For the Globe’s cooking challenge, chefs Carolyn Johnson and Chris Parsons both made sweetened fresh cranberries but with very different techniques. Johnson combined the tart fruit in red wine, brown sugar, red wine vinegar, shallots, and spices, then boiled them quickly until the cranberries burst. Parsons took a slower route by gently simmering the berries in a gingery-orange simple syrup, which keeps the cranberries whole. This recipe combines the two versions.

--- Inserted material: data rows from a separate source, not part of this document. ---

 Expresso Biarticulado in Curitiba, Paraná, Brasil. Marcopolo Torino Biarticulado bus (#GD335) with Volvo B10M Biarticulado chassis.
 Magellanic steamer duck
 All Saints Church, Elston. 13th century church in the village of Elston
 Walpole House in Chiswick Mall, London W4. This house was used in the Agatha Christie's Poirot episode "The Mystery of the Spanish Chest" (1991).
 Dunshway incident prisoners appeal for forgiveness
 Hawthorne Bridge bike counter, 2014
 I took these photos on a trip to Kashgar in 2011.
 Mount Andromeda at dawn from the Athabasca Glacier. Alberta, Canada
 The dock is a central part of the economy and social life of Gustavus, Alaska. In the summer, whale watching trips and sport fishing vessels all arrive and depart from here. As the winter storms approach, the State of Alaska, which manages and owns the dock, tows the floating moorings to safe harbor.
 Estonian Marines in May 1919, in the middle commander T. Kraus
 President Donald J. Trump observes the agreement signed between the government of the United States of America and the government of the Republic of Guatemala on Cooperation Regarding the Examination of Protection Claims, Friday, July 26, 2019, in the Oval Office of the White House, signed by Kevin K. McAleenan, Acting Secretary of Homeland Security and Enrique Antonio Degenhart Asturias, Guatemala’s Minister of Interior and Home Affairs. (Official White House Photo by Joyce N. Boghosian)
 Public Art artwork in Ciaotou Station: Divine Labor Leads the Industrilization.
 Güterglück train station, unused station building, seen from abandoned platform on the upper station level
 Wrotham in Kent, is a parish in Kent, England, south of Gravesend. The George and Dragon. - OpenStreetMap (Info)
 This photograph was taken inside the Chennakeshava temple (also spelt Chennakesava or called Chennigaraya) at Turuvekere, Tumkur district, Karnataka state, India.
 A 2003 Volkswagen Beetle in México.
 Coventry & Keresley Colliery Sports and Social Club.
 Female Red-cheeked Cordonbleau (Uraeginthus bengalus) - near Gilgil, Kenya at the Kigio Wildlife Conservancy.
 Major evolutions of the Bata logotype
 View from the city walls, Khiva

½teaspoon yellow mustard seed
3whole cloves
1stick cinnamon
1tablespoon butter
1shallot, finely chopped
1cup red wine
2tablespoons red wine vinegar
1cup brown sugar
1piece (1 inch) fresh ginger, thickly sliced
3strips orange rind, white pith removed
1package (12 ounces) fresh cranberries

1. In a saucepan over medium heat, toast the mustard seed, cloves, and cinnamon, stirring often, for 3 minutes, or until fragrant. Remove from the pan.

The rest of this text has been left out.